Each validated finding can be pushed through a dedicated MCP “push finding” function and stored as a structured JSON record.
These records contain the target context, reproducible commands, raw outputs, evidence, explanations, severity, attack-path context and remediation guidance.
The final Markdown report is then reconstructed from these structured findings rather than generated from the model’s memory of the assessment.
In practice, this makes the data much easier to consume programmatically and opens the door to integrations with ticketing, evidence-management and vulnerability-management workflows.
If you’d like to see the resulting artifact, you can explore the demo environment and review one of the generated Markdown reports:
https://demo.dark-moon.org
The report format is identical to what the Community Edition generates, while the Professional Edition builds additional dashboards, historical campaign views and vulnerability analytics on top of the same underlying evidence model.
That pipeline shape is the right split: structured evidence first, report second.

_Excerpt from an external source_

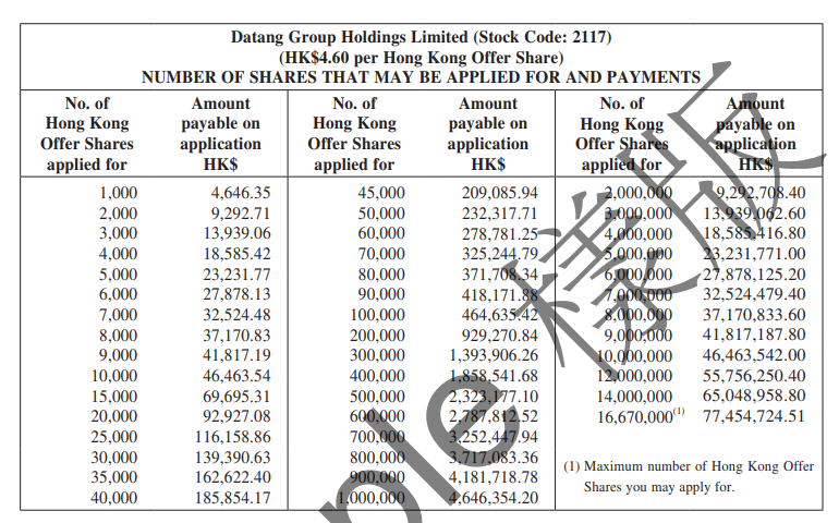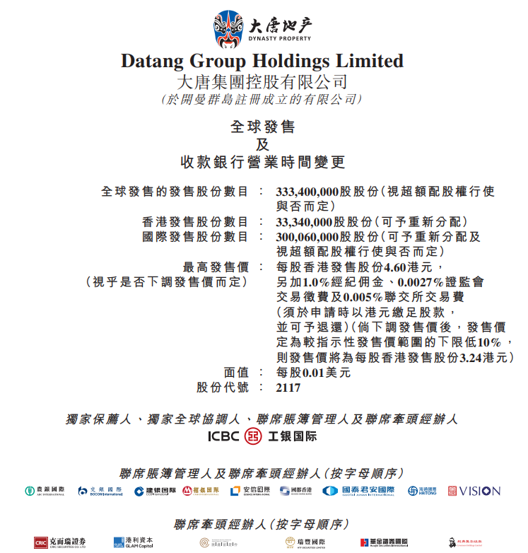 大唐集团控股(02117)拟发行3.334亿股,其中公开发售占比10%,国际配售占比90%,另有15%超额配股权,每股发行价为3.6-4.6港元,每手1000股,入场费4646.35港元,2020年12月4日认购结束,预期将于2020年12月11日上市。

For the MCP push finding step, do you require a human validation point before it becomes ticket/evidence workflow input, or can validated findings flow out automatically once the assessment passes?

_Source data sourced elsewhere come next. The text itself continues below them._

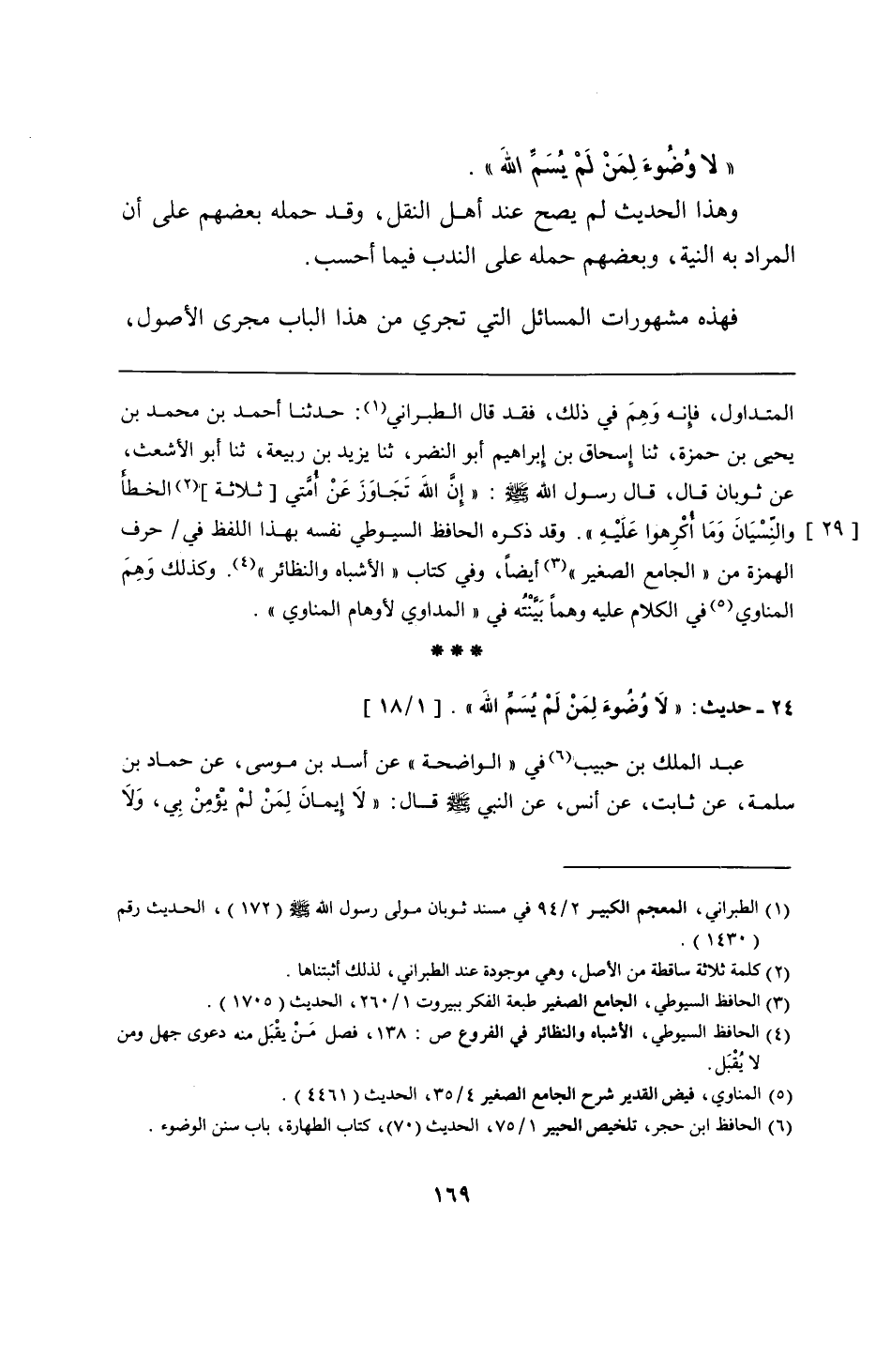 24 - حديث: "لَا وُضُوءَ لِمَنْ لَمْ يُسَمِّ الله".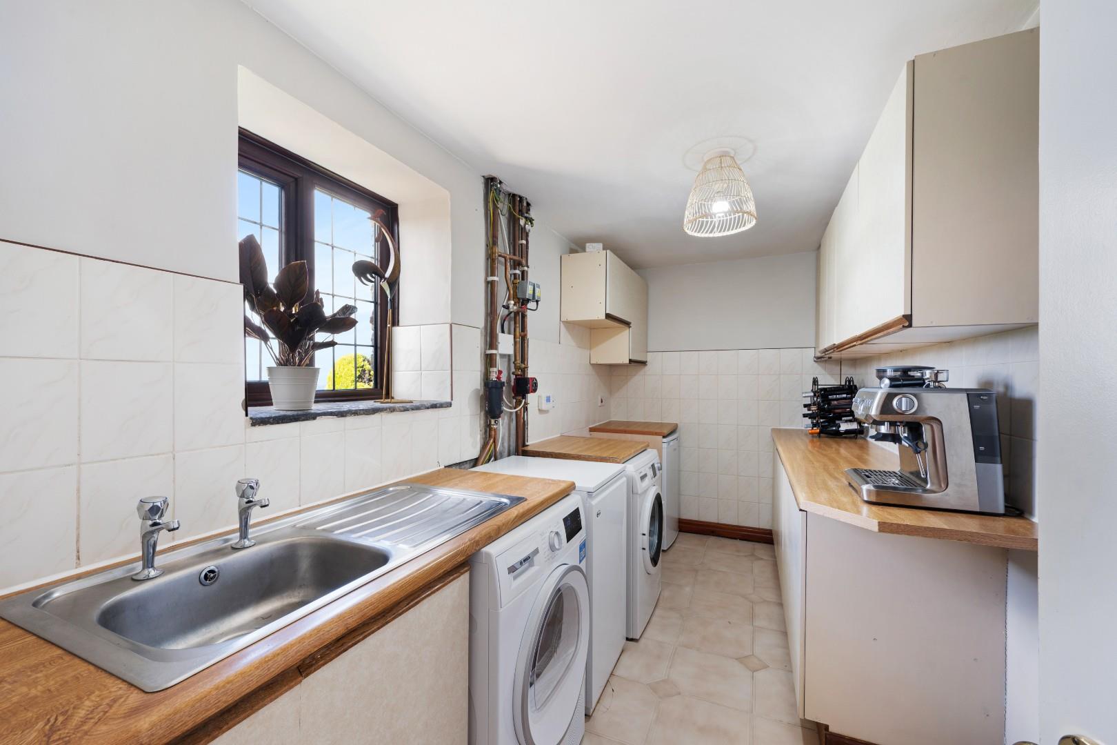 Further practicality is offered by a separate utility room, generous in size and equipped with plumbing for a washer and dryer, alongside the boiler, an additional sink, worktop space, and further storage.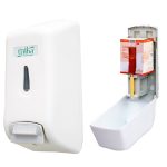 Saboneteira C/ Reservatório 950ml Branco Edecam Ref. S 400 Capacidade: 950ml Material: Polipropileno Cor: Tampa: Branca / Base: Bege Dimensões: Largura: 140mm x Profundidade: 112mm x Altura 272mm Abertura superior com chave, utilização de sabonete gel ou álcool gel, dispensa 1,2ml por acionamento

Congrats on Darkmoon! Autonomous pentesting is a huge pain point — most teams only test before major releases. How does Darkmoon handle false positive rates compared to traditional scanners like Burp Suite?
@dannyheng Thanks!
False positives were actually one of the main design challenges we wanted to address.

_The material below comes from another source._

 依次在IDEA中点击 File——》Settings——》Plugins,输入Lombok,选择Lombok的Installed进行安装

The key difference is that Darkmoon doesn't treat a signature match as a finding. Traditional scanners are excellent at surfacing potential issues, but they often leave the analyst with a large queue to manually validate.
Darkmoon takes a different approach:
Evidence-driven findings. The agents orchestrate real security tools and workflows, then attempt to validate impact using the collected evidence rather than reporting solely on pattern matches.
Confirmation before promotion. Before a finding is marked as confirmed, Darkmoon tries to challenge its own conclusion. Weak signals, reflected payloads, generic HTTP responses or other inconclusive indicators are downgraded and clearly identified as unconfirmed.
Proof attached to every finding. Reports include commands, raw outputs, request/response evidence, logs and execution traces so analysts can understand exactly why a finding was produced.
We also try to be realistic about the trade-off. Darkmoon is designed to maximize coverage, so we'd rather surface a suspicious lead as Unconfirmed than silently miss it. The goal is not "trust the AI", but rather "here is the evidence, here is the reasoning, and here is how the conclusion was reached."
In short, we're not trying to replace analyst validation, we're trying to dramatically reduce the amount of manual triage required to get there.